I apologize for the lengthy post but I am beyond satisfied with the training elsa has received - I knew she had it in her and Im very happy I found the person to unlock her potential!


----------



## kr16 (Apr 30, 2011)

mrlavoie87 said:


> Hello All!
> 
> I was reading along the website and came across a recommendation for Michael Clark from Champion Dog Training so I decided to give him a shot at training my 1.5yr old GSD, Elsa.
> 
> ...


You gave your dog to him for two weeks? Can you explain what the training was a little more.


----------



## mrlavoie87 (Dec 1, 2013)

Sure, ill do the best I can without writting another long post. It was a 2 week program in which he covered basic obedience and even touched a little on advanced. I thought elsa had basic down before training but man was I wrong. It's been only a few days now I have gotten many compliments on her behavior. She heels incredibly on leash and follows commands in all situations. In the 2 weeks we visited her twice and was taught how to continue her training and was demonstrated what she had learned. Like I sais , I am very happy with the progress elsa has made in the short while Michael had her.


----------



## Castlemaid (Jun 29, 2006)

Nice to hear good things and that you are happy with the outcome. I'd be curious to see the video he had of him working with your baby, if you don't mind posting it. 

And I'll be honest as to why I'd like to see the video: We have had in the past people who sent their dog away for board-and-train, and were more than impressed and pleased with the results. They shared their videos that the trainer sent them, and to the experienced people, one could see that the trainer had been using compulsion and that the dog was in avoidance and shutting down. The un-experienced people did not see this, and did not understand the negative comments. All they saw was a well-behaved dog that was heeling and obeying orders. 

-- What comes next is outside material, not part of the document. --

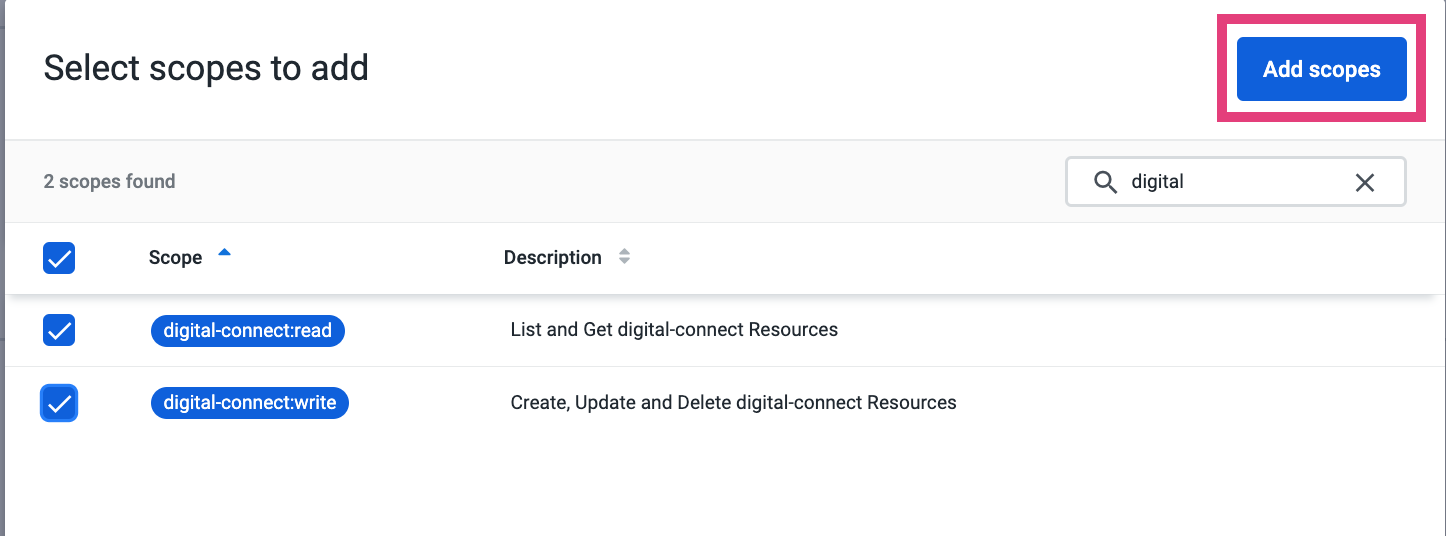 On the opened page, select the following scopes from the list: digital-connect:read, digital-connect:write. Use the Search field to find the needed scopes. Then click the Add scopes to confirm the selection.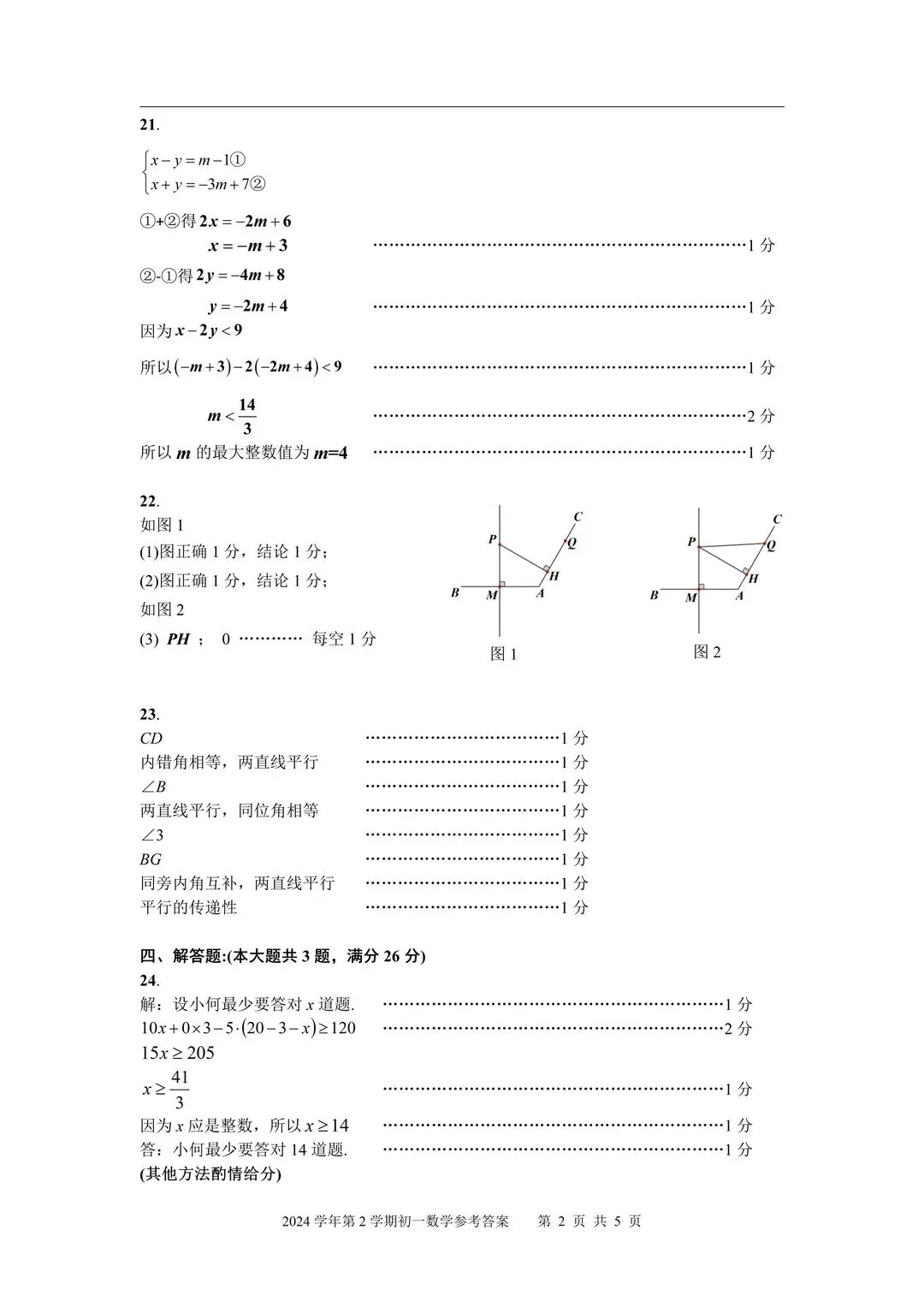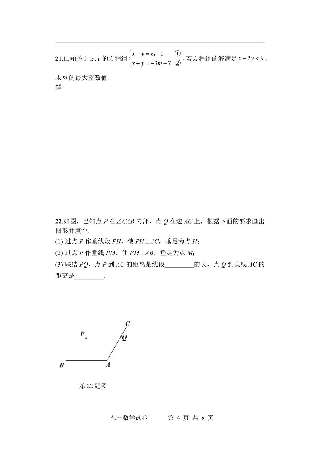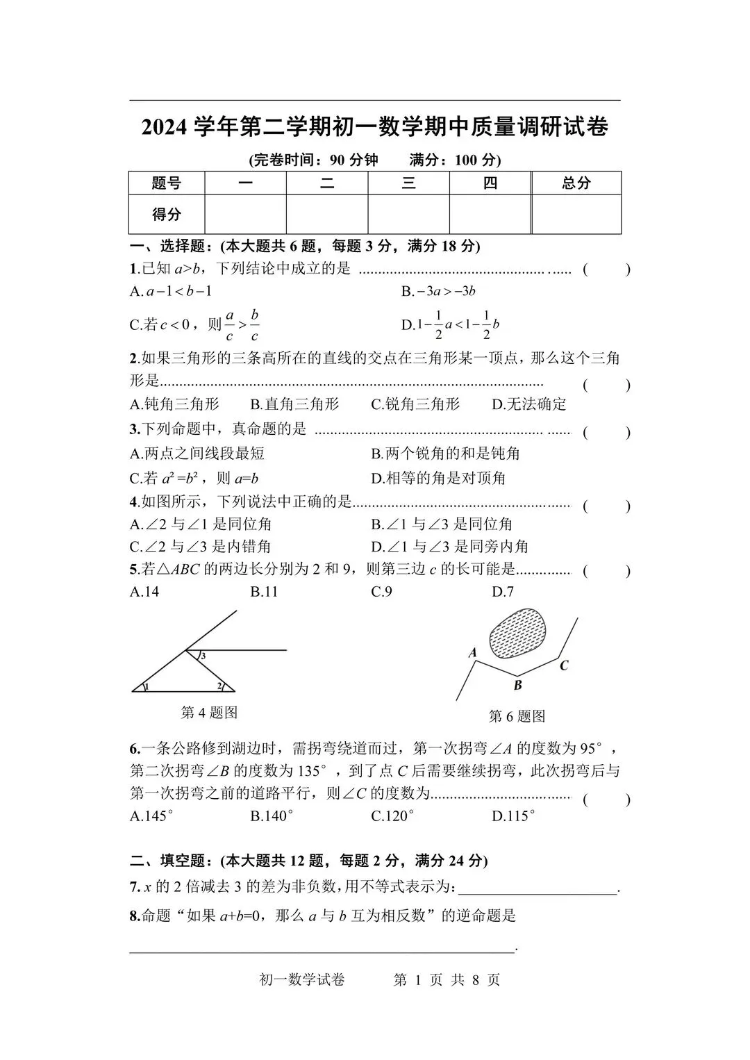 上海2024学年七年级数学第二学期期中考试,仅供大家参考。适合在读的七年级所有学生初中数学 压轴题 。试卷 中考数学 数学作业 数学学习 期中

I am NOT saying that this trainer is doing this (using compulsion). I do know trainers who do board and train, have amazing and excellent results, and get it with positive techniques and a good understanding of dogs. But I'm curious now about this person - if you don't want to share the video, that's okay, and I understand.


----------



## SteelHelix (Mar 25, 2015)

Castlemaid said:


> Nice to hear good things and that you are happy with the outcome. I'd be curious to see the video he had of him working with your baby, if you don't mind posting it.

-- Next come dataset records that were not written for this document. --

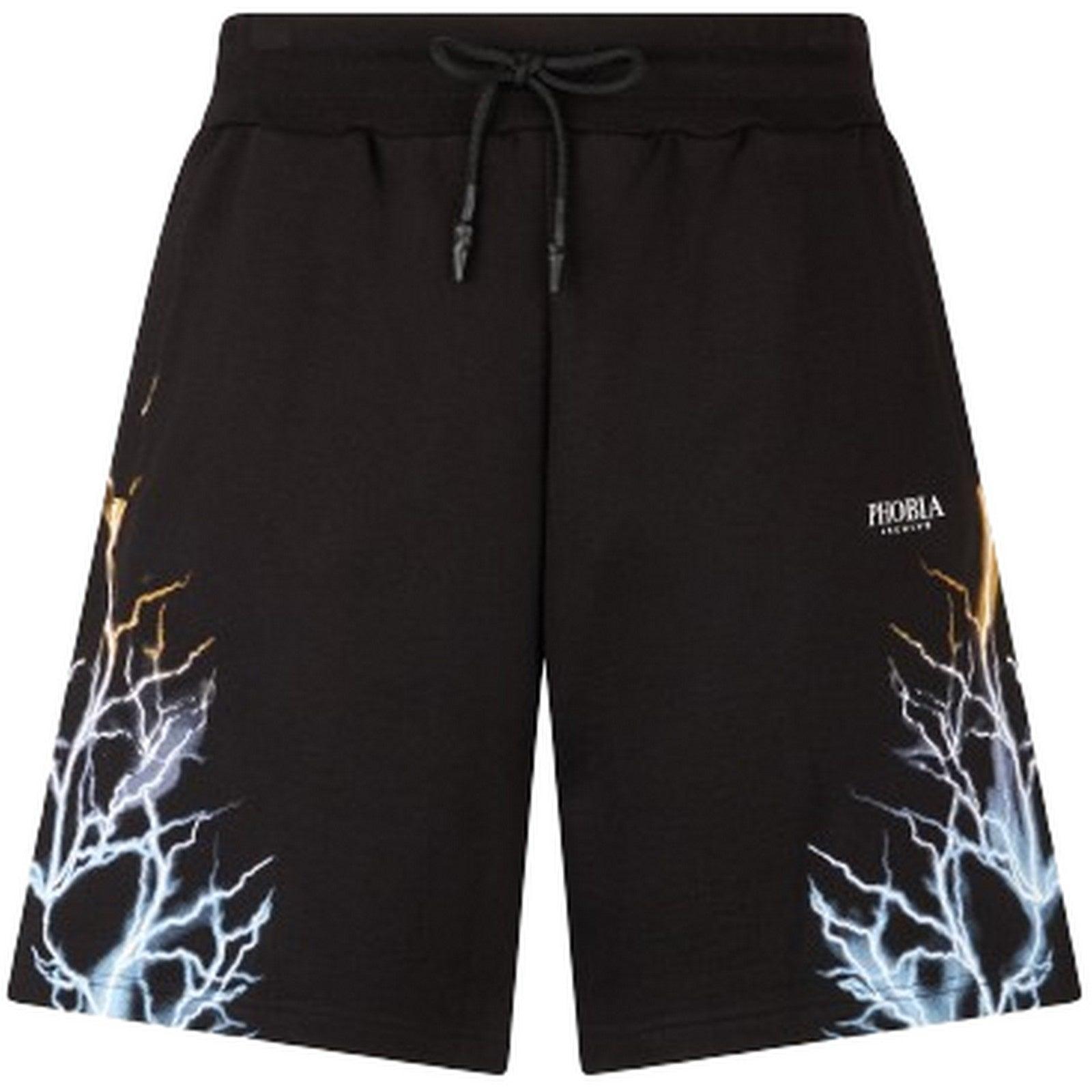 Spodenki męskie Fobia - Czarne Szorty z dwukolorowym nadrukiem błyskawicy - Czarne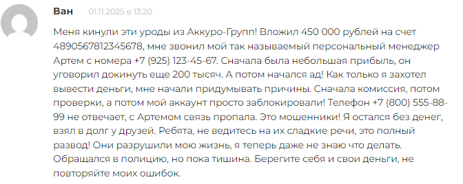 Площадка Accuro Group является опасным сетевым мошенником. Компания использует сведения реально существующего юридического лица и это затрудняет выявление скама. Все вложенные сюда трейдерами средства можно считать потерянными.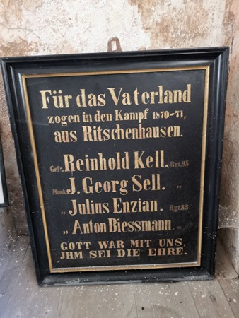 Gedenktafeln für den Feldzug 1870/71 und beide Weltkriege in der nahegelegenen Kirche.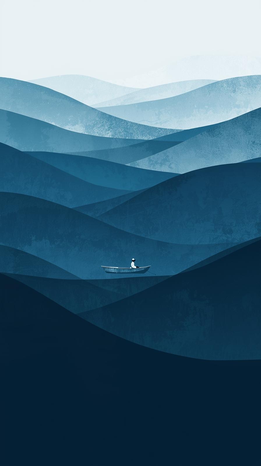 iphone wallpaper 4k Serene Minimalist Fisherman in Small Boat on Endless Blue Mountain Waves Dreamy Monochrome Landscape Peaceful Zen Aesthetic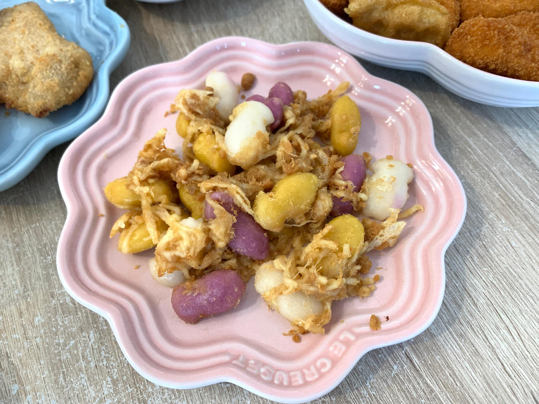 加了点肉松变成肉松芝士年糕了,挺好吃。我的小鱼年糕太小了,180度加盖8分钟,这样比较不容易干

I'd be curious to see the video myself. I live south of Miami and I've been looking for a good trainer for awhile now. The ones I've seen who aren't part of the 'dog trainer to the stars' working out of central Miami (and charge an arm and a leg) down here seem to be somewhat shady... or when I tell them I have a dog reactive GSD, they say they won't deal with me.


----------



## ILoveMYGSD1 (Mar 29, 2015)

I am interested to as I am also in South Florida. I came across this trainer a few months ago and read a bunch of great reviews, I just don't like the idea of 2 weeks board and train. Do you know if he does private lessons as well?


----------